Analysts Warn to Temper Short-Term Expectations

 35% of Consumers Have Never Heard of the Metaverse- Report- CIO&Leader

More than one-third of consumers (35%) have never heard of the metaverse, stats according to Gartner.

The survey finds that 58% of respondents have either heard of the metaverse but do not know what it means, or think they understand the metaverse but would struggle to explain it to someone else. Only 6% of people identify as being comfortable enough in their understanding of the metaverse to explain it to others.

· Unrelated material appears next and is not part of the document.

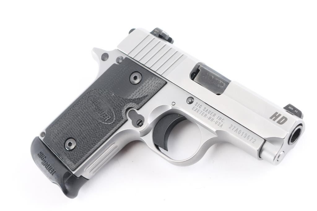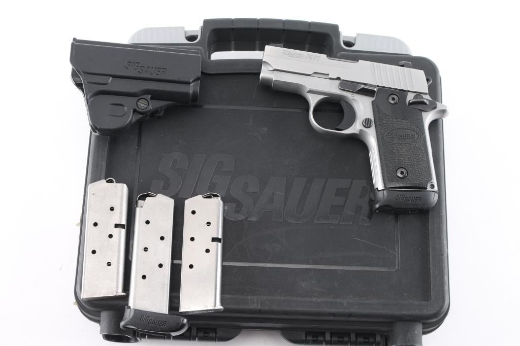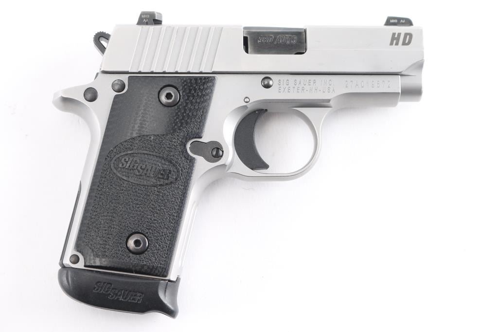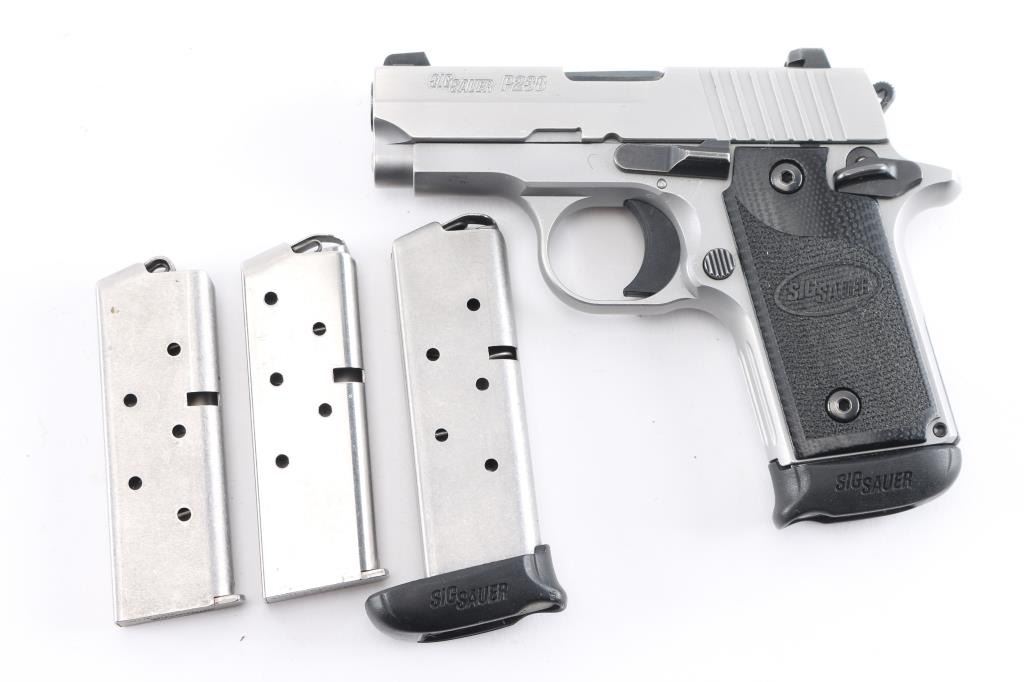 American made pistol, single action, 1911-inspired, micro-compact, semi-automatic, approximately 2 1/2" barrel, three dot night sights, matte stainless steel slide and alloy frame, manual thumb safety, serrated hammer spur, serrated and curved trigger, textured polymer factory grips. Factory magazine with finger rest. metal finish is perfect, grips are fine, bore is excellent/bright. Includes the original box, 2 extra six-round steel factory magazines, one with finger extension, one flush, (3) total. factory black polymer holster and manual.Condition is NRA Excellent. Modern Firearm

“This is a helpful signal to temper short-term expectations of the metaverse, and its potential impact on consumer’s daily life,” said Kyle Rees, senior director analyst in the Gartner Marketing practice. “It will be exciting to see how meta-aware companies begin to make sense of next-generation technologies to bring new products, services, and experiences to the world around us. 

Technologies that are intertwined with the metaverse, such as projects on the blockchain or digital currencies, need to be highlighted as disruptive to the status quo thinking. Even properly communicating business use cases around metaverse-adjacent concepts, such as AI and augmented reality, will go a long way in demystifying what is still largely an unknown technology to the everyday consumer.

Of those who at least know about the metaverse, 60% have no opinion on it, and only 18% are excited about it. Meanwhile, 21% say they’re concerned about the impacts the metaverse might have. 

“Companies with interests in the metaverse have a lot of work to change consumer’s attitudes,” continued Rees. Contemplating the metaverse is a luxury that most people currently don’t have time for. Getting people on board to see past the individual pieces of AI or head-mounted displays is paramount to them truly embracing the multiple technologies that make up a complete metaverse. 

There are complex, innovative new opportunities and business models that the average consumer needs to be able to grasp easily, or companies risk losing their interest.